Predicts Over/Under and Score Difference on Daily NBA Matchups
The average points scored per team in a game is 112 in the season 2020-2021 and that makes the total 224 points. The over/under threshold ranges from 200 to 240 in different matchups and I'm curious to find out if the variaton/uncertainty is indeed +- 20 points. In sports betting, the score difference is often broken down into intervals of 5 points and I'm also curious if I can limit the score difference down to a few brackets with little uncertainty.
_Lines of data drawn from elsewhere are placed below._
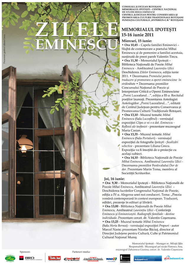 Miercuri, 15 iunie, Memorialul Ipoteşti va găzdui de la ora 11.30, cea de-a III-a ediţie a concursului naţional de poezie şi interpretare critică a operei eminesciene „Porni Luceafărul”: Evenimentul va avea loc în Amfiteatrul „Laurenţiu Ulici”, ocazie cu care vor fi decernate premiile . Evenimentul marchează practic debutul Zilelor Mihai Eminescu, ediţia de iunie. Manifestările […]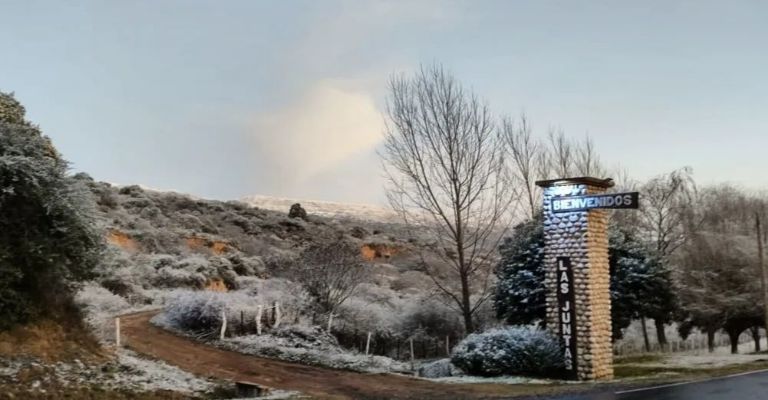 Este martes, la Villa Ambateña de Las Juntas amaneció con una temperatura de -3° y cubierta de nieve. La temperatura de hoy no superará los 8 grados.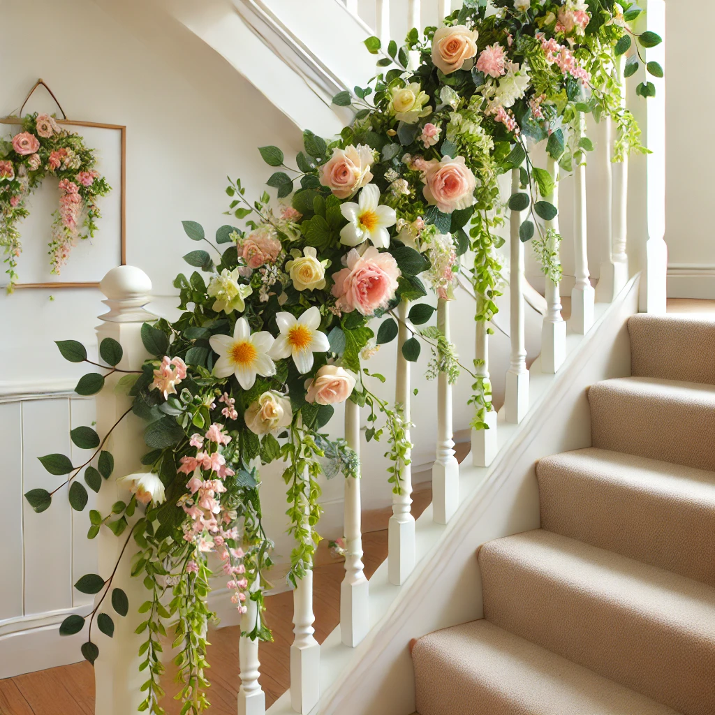 This stunning garland, draped along a staircase railing, features artificial pastel-colored flowers like roses and daisies intertwined with lush greenery.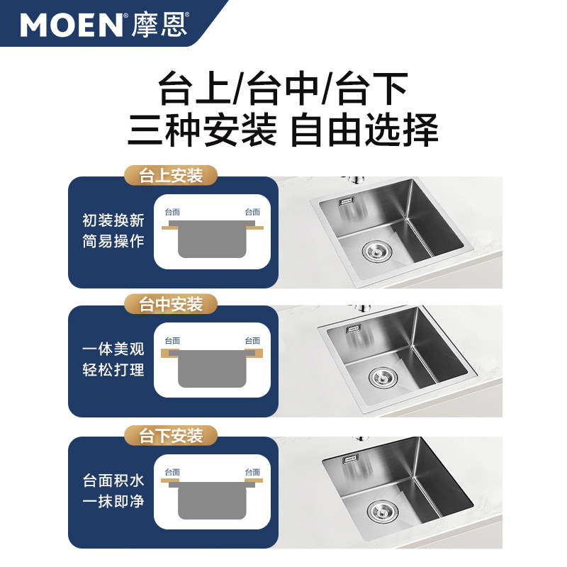 摩恩手工大单槽厨房洗菜盆洗碗池台下盆洗菜盆水槽27533

In the 2020 season due to COVID-19, many teams play against each other back to back with a rest day in between to decrease travelling. It occurred to me that the second game outcome can be heavily related to the first game which they played just 2 days ago. I was only taking in games within 7 days of each other, and later had no such limit because I was using a random forest that can take care of that limit for me and the results were a little better with no limit on the number of days in between.
GetData: Get NBA game data from 1983 to 2019 and the play-by-play data for each game, clean them up to the training data format, and save them to a local Postgres database.
Models: Implement clustering on play-by-play data to generate features and model the score total and difference given the first game outcomes. Webscrape the game schedule for tomorrow from MSN at https://www.msn.com/en-us/sports/nba/schedule, make predictions, and email to myself.
UpdateGames: A script to be run daily to update the local database by getting the game and play-by-play data today, converting them to training data format, and adding them to the local database.
- Time series analysis and clustering on time series data
- Mean Absolute Error 9 points for score difference and 14 for total score. If our prediction is 14 points higher than the over/under threshold, we can confidently go with Over and vice versa.
- Add in more variables to capture recent performance.